CORPORATE finance executives have nominated Croesus Mining’s purchase of Central Norseman Gold as WA’s top deal for 2002.

The $65 million Croesus-Great Central deal gained high praise from nearly every corporate finance executive surveyed by WA Business News.

Iluka Resources’ $130 million takeover of Basin Minerals and the $100 million merger of Perilya and Ranger Minerals also rated highly in the survey.

Prime Corporate finance director Liam Twigger described the Central Norseman acquisition as a “bold” move, following Croesus’ earlier acquisition of the Davyhurst gold mine.

“It meant that Croesus was utilising its balance sheet and cash reserves,” Mr Twigger said.

“Their market cap has grown, as has the stature of their management team led by managing director Mike Ivey.”

Hartley’s corporate finance director Richard Simpson agreed the Croesus deal was the “standout” transaction of the year.

The success of the merger is reflected in the strong growth in Croesus’ share price, from 29 cents at the time of the merger to about 85 cents currently.

Croesus also raised $12.5 million through the issue if $1 convertible notes and they are now worth close to $2.50.

“So in summary, Croesus has made some people very good money this year, Mr Simpson said.

Gresham Advisory Partners director Michael Ashforth advised Croesus on the acquisition.

“Mike Ivey and his team must get full credit for identifying the opportunity to create substantial value for Croesus shareholders and for having the confidence to put everything on the line to deliver that value,” Mr Ashforth said. 

“Where Gresham played a key role was in developing and implementing a structure that won WMC’s support and allowed Croesus, with a market cap of less than $30 million, to buy an asset worth $65 to $70 million.”

Gresham also advised Iluka on its successful takeover of Basin Minerals.

This deal combined the two companies’ projects in Victoria’s Murray Basin, considered the most prospective new mineral sands province anywhere in the world.

Iluka gained control of most of the assets identified in the Murray Basin and reinforced its position as market leader in the global rutile and zircon markets.

Earlier attempts by Iluka to lift its exposure to the Murray Basin, including an attempted takeover of Bemax, had not been successful.

Mr Ashforth attributed the success of the Basin Minerals deal to three things.

“First, a compelling value case and solid preparation – Iluka undertook about nine months of work before the deal was announced,” Mr Ashforth said. 

“Second, Gresham’s ability to assist Iluka and Basin reach agreement on all the issues needed to give the market confidence that the takeover would be successful. 

“Third, rapid implementation enabled the offer to be declared unconditional just three weeks after it opened.” 

In contrast, the Ranger-Perilya merger was one of the most challenging transactions completed last year.

It featured competing take-over offers, court challenges, regulatory intervention, capital raisings and corporate governance issues.

Not surprisingly, therefore, it was nominated as one of

the deals of the year by two of the law firms involved – Clayton Utz and Blake Dawson Waldron.

The merger proceeded in challenging circumstances, since Ranger was the subject of a hostile takeover bid by Revesco.

It involved unusual corporate governance issues, since the chairman of Ranger was also chairman of Revesco.

To further complicate matters, Perilya was in the process of buying the Broken Hill Zinc project from Pasminco.

Clayton Utz partner Mark Paganin, who advised Ranger, said it was unusual for a company to be defending a take-over and negotiating a merger at the same time.

The transaction also led to a precedent setting ruling by the Takeovers Panel.

Ranger successfully applied to the Takeover Panel for orders that required Ranger shareholders who had already accepted the Revesco offer to cancel those acceptances.

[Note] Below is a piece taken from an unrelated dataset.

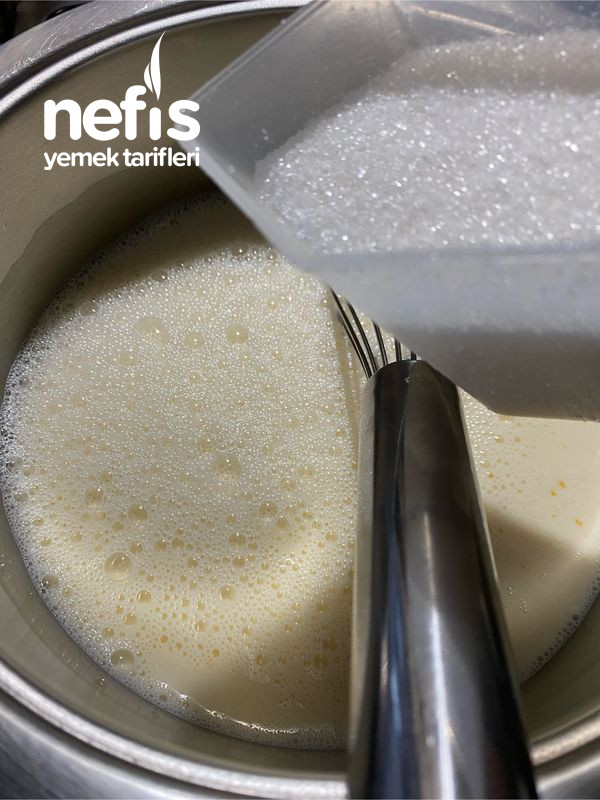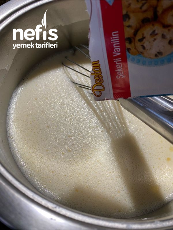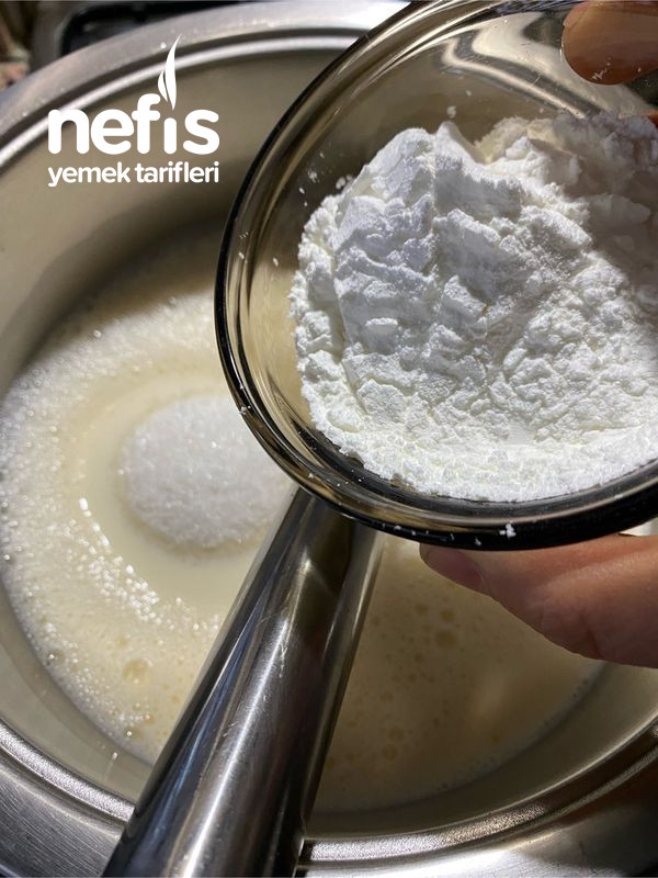 - Önce kremayı yapıyoruz. Krema hariç bütün malzemeyi tencereye alıyoruz karıştırarak pişiriyoruz soğuyunca kremayı ilave ediyoruz.

This constituted a major setback for Revesco.

Mr Paganin said this was the first time the Takeovers Panel had issued this type of order.

Paterson Ord Minnett analyst Rob Brierley said the merger had strengthened Perilya’s balance sheet considerably, as it continued to ramp up to full production at Broken Hill.

Mr Paganin said Home Building Society’s demutualisation and $12 million IPO was another transaction that set a precedent.

It was the first time that the ASX had granted a waiver to allow the retention of A-class shares, which are held by directors and senior management and have greater voting power than ordinary Home shares.

The waiver is in place for four years from the date of listing and effectively provides a form of takeover protection during this period.

Home’s IPO, lead managed by Paterson Ord Minnett, was heavily oversubscribed.

It has provided big gains for investors, as the shares were issued at $1 and are currently trading at $3.20.